§ Given records:
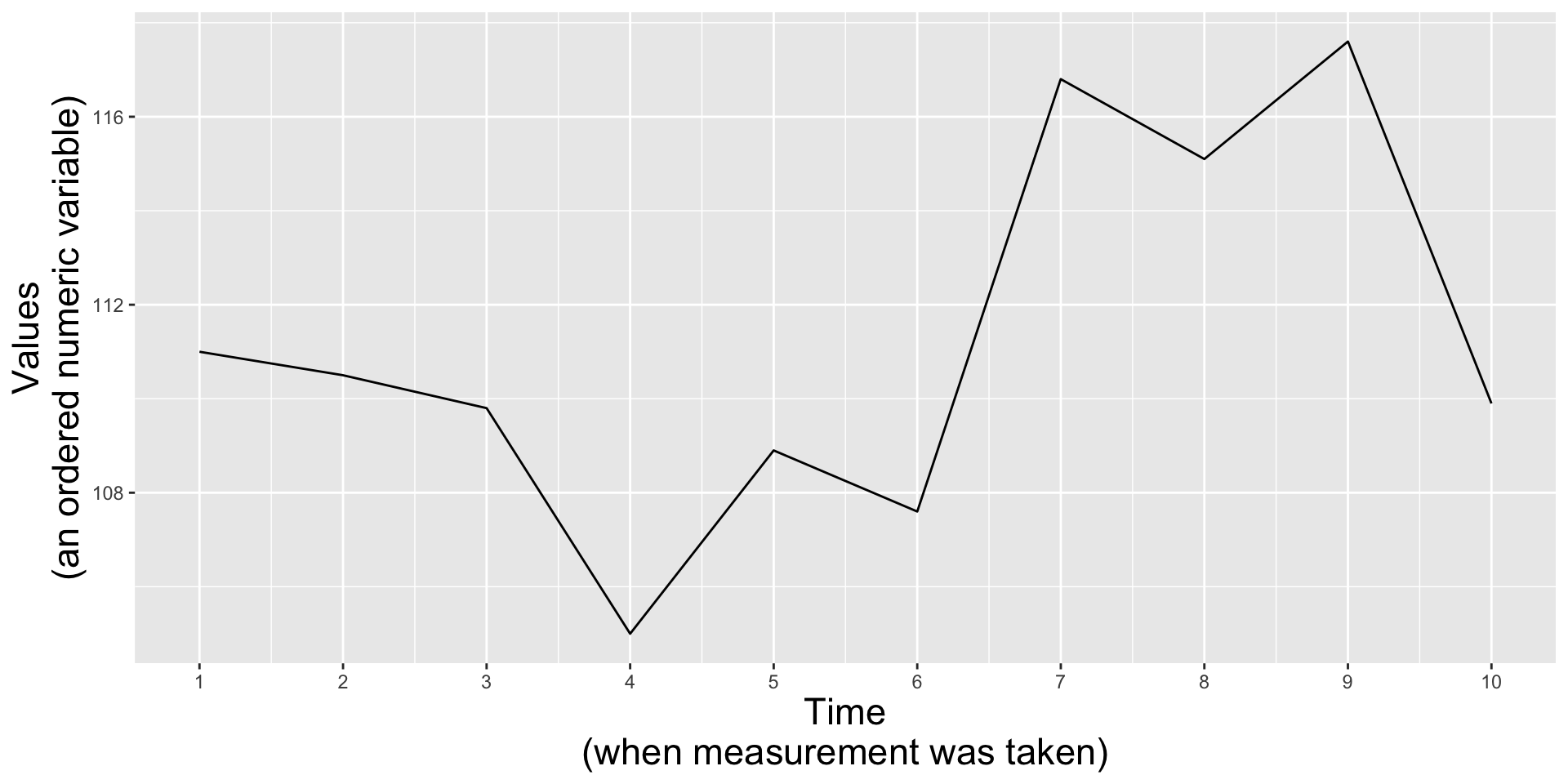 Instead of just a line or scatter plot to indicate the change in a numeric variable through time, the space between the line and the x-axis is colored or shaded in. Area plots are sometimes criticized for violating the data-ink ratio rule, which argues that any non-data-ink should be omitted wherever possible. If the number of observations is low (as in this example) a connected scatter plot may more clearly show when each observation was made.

--

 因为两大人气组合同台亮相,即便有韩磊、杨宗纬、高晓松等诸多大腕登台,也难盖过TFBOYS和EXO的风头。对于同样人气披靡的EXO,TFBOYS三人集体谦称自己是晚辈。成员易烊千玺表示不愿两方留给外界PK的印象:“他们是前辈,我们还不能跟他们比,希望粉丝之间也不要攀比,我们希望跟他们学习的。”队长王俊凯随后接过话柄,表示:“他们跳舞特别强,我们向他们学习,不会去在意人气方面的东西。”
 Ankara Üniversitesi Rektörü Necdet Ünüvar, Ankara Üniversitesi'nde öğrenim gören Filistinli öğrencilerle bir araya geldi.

§ What to work on: Could you restate word for word the lines above, from the one that contains "因为两大人气组合同台亮相,即" through the one that contains "Ankara Üniversitesi Rektörü", and no others?

§ Exercise response:
 因为两大人气组合同台亮相,即便有韩磊、杨宗纬、高晓松等诸多大腕登台,也难盖过TFBOYS和EXO的风头。对于同样人气披靡的EXO,TFBOYS三人集体谦称自己是晚辈。成员易烊千玺表示不愿两方留给外界PK的印象:“他们是前辈,我们还不能跟他们比,希望粉丝之间也不要攀比,我们希望跟他们学习的。”队长王俊凯随后接过话柄,表示:“他们跳舞特别强,我们向他们学习,不会去在意人气方面的东西。”
 Ankara Üniversitesi Rektörü Necdet Ünüvar, Ankara Üniversitesi'nde öğrenim gören Filistinli öğrencilerle bir araya geldi.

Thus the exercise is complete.